- Directions for this task
Only the pictures are dropped; the lines of the material that follow are returned exactly.

- Raw data
####################

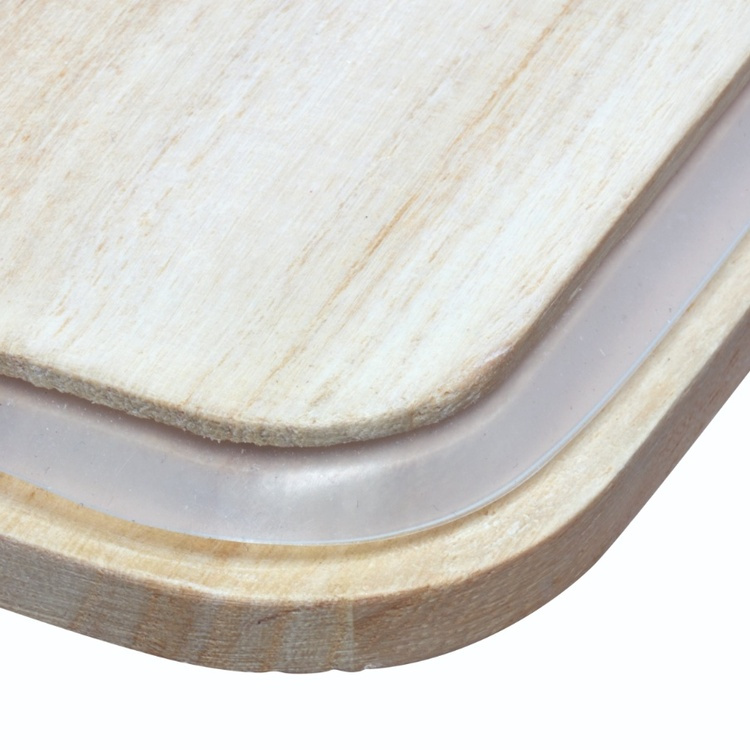 Transparent storage container with a lid made of Paulownia-wood.
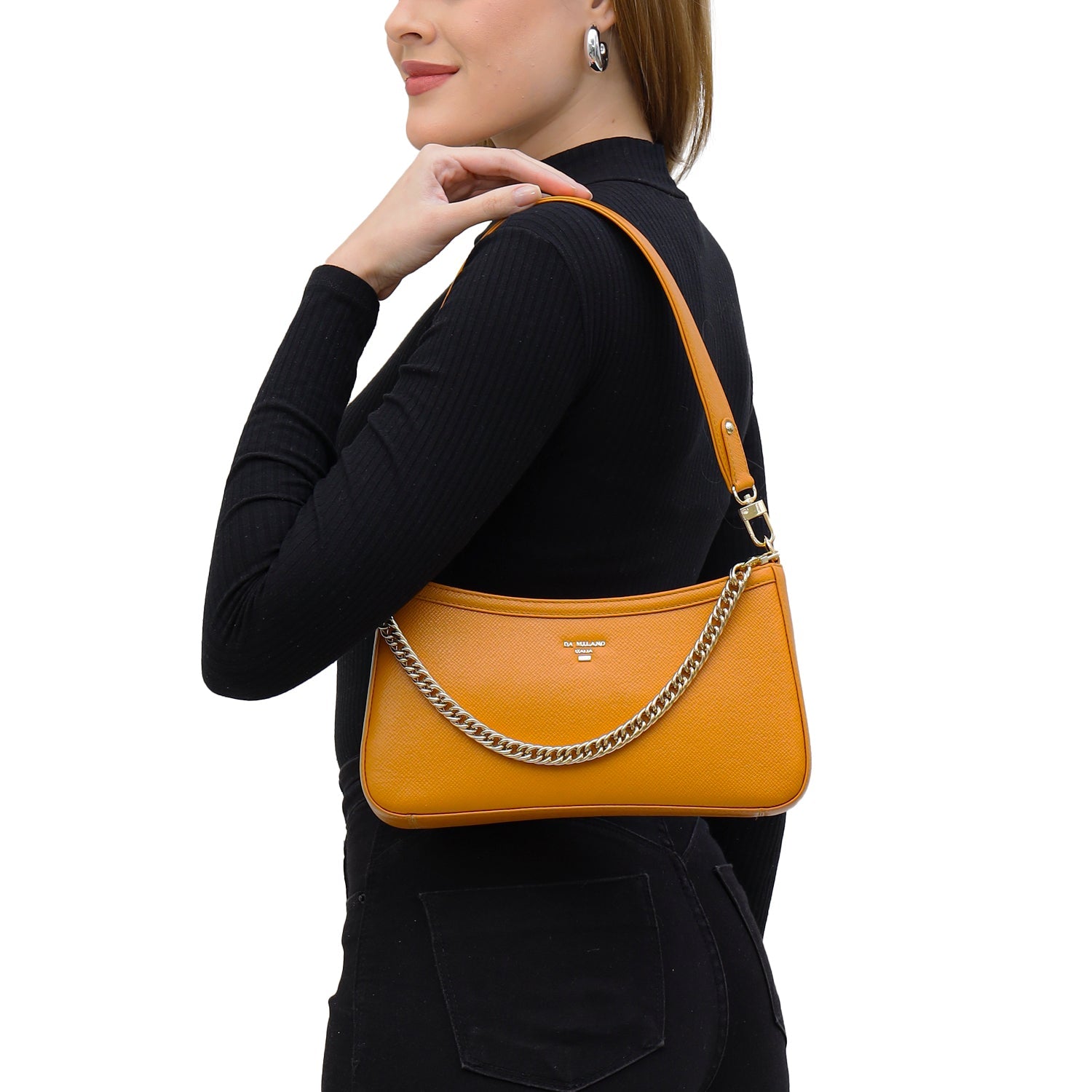 Introducing our sleek Leather Baguette Bag, the epitome of understated elegance. Crafted from luxurious leather, its sleek design and shoulder strap make it a versatile accessory for any occasion. Effortlessly chic, it's the perfect blend of fashion and functionality everyday.
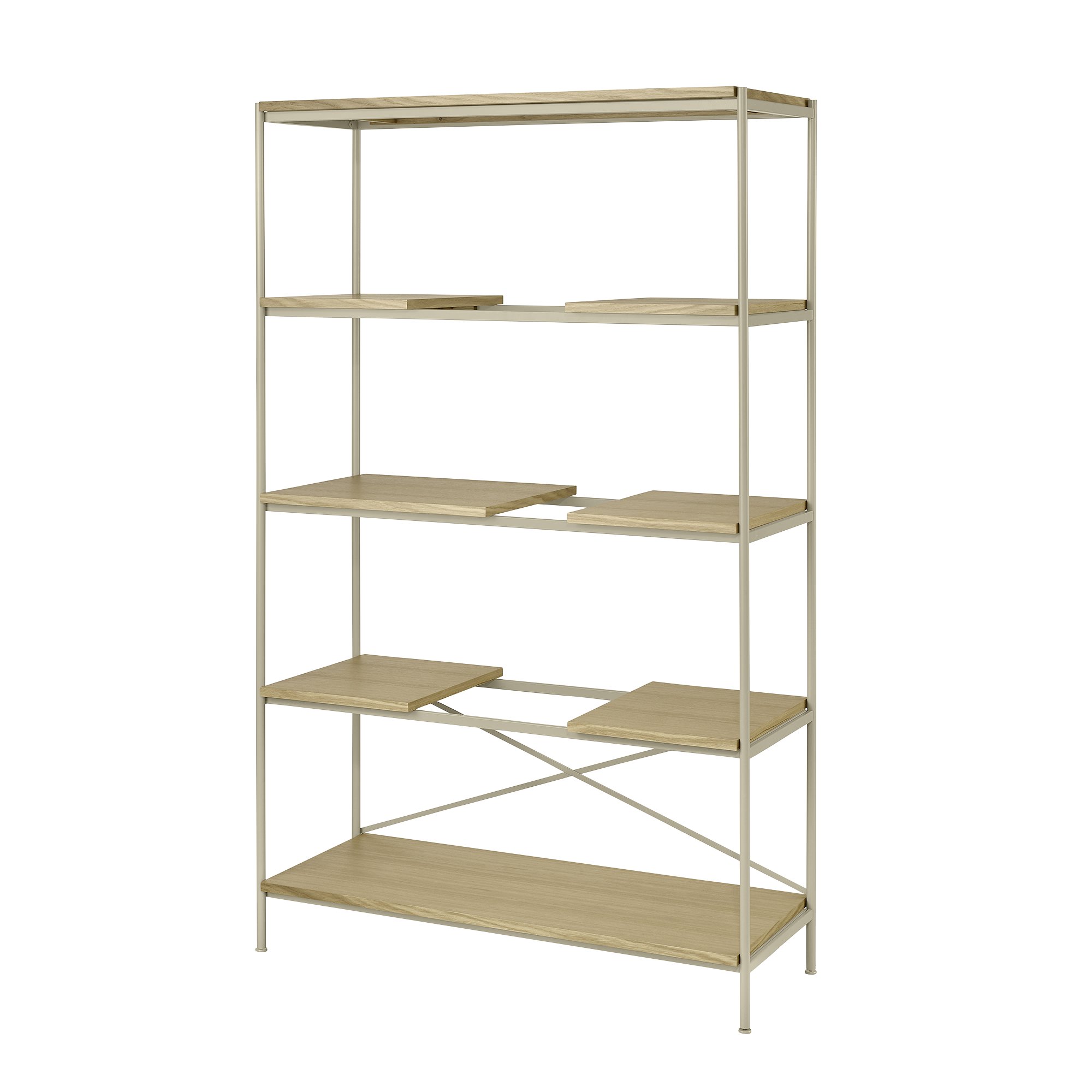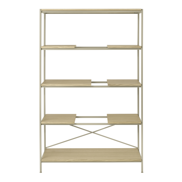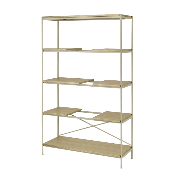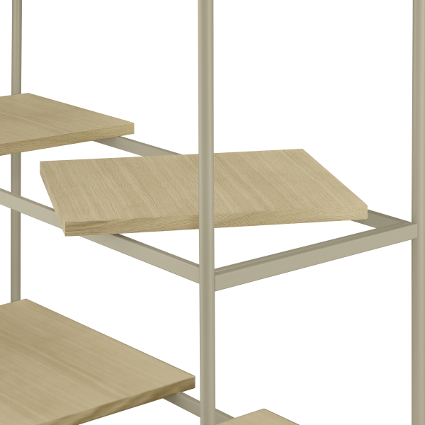 SUKOYA ist in zwei Versionen erhältlich. Die Holzversion ist aus einem Eichenrahmen und Holzbrettern aus Eichenfurnier gefertigt. Die Metallversion besteht aus pulverbeschichtetem Stahl mit Regalböden aus Eichenfurnier.

####################

- Solution to the problem
 Transparent storage container with a lid made of Paulownia-wood.
 Introducing our sleek Leather Baguette Bag, the epitome of understated elegance. Crafted from luxurious leather, its sleek design and shoulder strap make it a versatile accessory for any occasion. Effortlessly chic, it's the perfect blend of fashion and functionality everyday.
 SUKOYA ist in zwei Versionen erhältlich. Die Holzversion ist aus einem Eichenrahmen und Holzbrettern aus Eichenfurnier gefertigt. Die Metallversion besteht aus pulverbeschichtetem Stahl mit Regalböden aus Eichenfurnier.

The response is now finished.